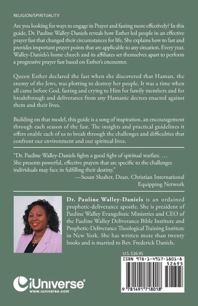 Are you looking for ways to engage in Prayer and fasting more effectively? In this guide, Dr. Pauline Walley-Daniels reveals how Esther led people in an effective prayer fast that changed their circumstances for life. She explains how to fast and provides important prayer points that are applicable to any situation. Every year, Walley-Daniels's home church and its affiliates set themselves apart to perform a progressive prayer fast based on Esther's encounter. Queen Esther declared the fast when she discovered that Haman, the enemy of the Jews, was plotting to destroy her people. It was a time when all came before God, fasting and crying to Him for family members and for breakthrough and deliverance from any Hamanic decrees enacted against them and their lives. Building on that model, this guide is a song of inspiration, an encouragement through each season of the fast. The insights and practical guidelines it offers enable each of us to break through the challenges and difficulties that confront our environment and our spiritual lives. "Dr. Pauline Walley-Daniels fights a good fight of spiritual warfare. ... She presents powerful, effective prayers that are specific to the challenges individuals may face in fulfilling their destiny." -Susan Slusher, Dean, Christian International Equipping Network
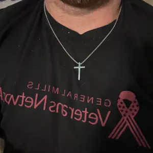 Fits nice, doesn’t hurt or cause any strain on my neck. It doesn’t turn my skin green or scratch off onto a bronze undercoat, and the pendant is secure and feels great.
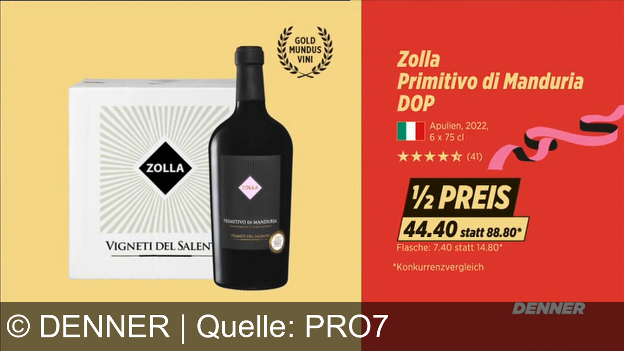 Eine Weinflasche „Zolla Primitivo di Manduria DOP“ steht vor einem Karton. Links oben ein „Gold Mundus Vini“-Abzeichen. Rechts der Text: Herkunft Apulien, Jahrgang 2022, 6 x 75 cl. Fünf Sterne und `41` daneben. Groß: "½ PREIS 44.40 statt 88.80". Darunter „Denner“ und eine pink-schwarze Schleife. Flaschenpreis „7.40 statt 14.80“ und Hinweis auf Preisvergleich.

→ **Problem requirements**
Drop the pictures; repeat the listing above exactly.

→ **Result**
 Are you looking for ways to engage in Prayer and fasting more effectively? In this guide, Dr. Pauline Walley-Daniels reveals how Esther led people in an effective prayer fast that changed their circumstances for life. She explains how to fast and provides important prayer points that are applicable to any situation. Every year, Walley-Daniels's home church and its affiliates set themselves apart to perform a progressive prayer fast based on Esther's encounter. Queen Esther declared the fast when she discovered that Haman, the enemy of the Jews, was plotting to destroy her people. It was a time when all came before God, fasting and crying to Him for family members and for breakthrough and deliverance from any Hamanic decrees enacted against them and their lives. Building on that model, this guide is a song of inspiration, an encouragement through each season of the fast. The insights and practical guidelines it offers enable each of us to break through the challenges and difficulties that confront our environment and our spiritual lives. "Dr. Pauline Walley-Daniels fights a good fight of spiritual warfare. ... She presents powerful, effective prayers that are specific to the challenges individuals may face in fulfilling their destiny." -Susan Slusher, Dean, Christian International Equipping Network
 Fits nice, doesn’t hurt or cause any strain on my neck. It doesn’t turn my skin green or scratch off onto a bronze undercoat, and the pendant is secure and feels great.
 Eine Weinflasche „Zolla Primitivo di Manduria DOP“ steht vor einem Karton. Links oben ein „Gold Mundus Vini“-Abzeichen. Rechts der Text: Herkunft Apulien, Jahrgang 2022, 6 x 75 cl. Fünf Sterne und `41` daneben. Groß: "½ PREIS 44.40 statt 88.80". Darunter „Denner“ und eine pink-schwarze Schleife. Flaschenpreis „7.40 statt 14.80“ und Hinweis auf Preisvergleich.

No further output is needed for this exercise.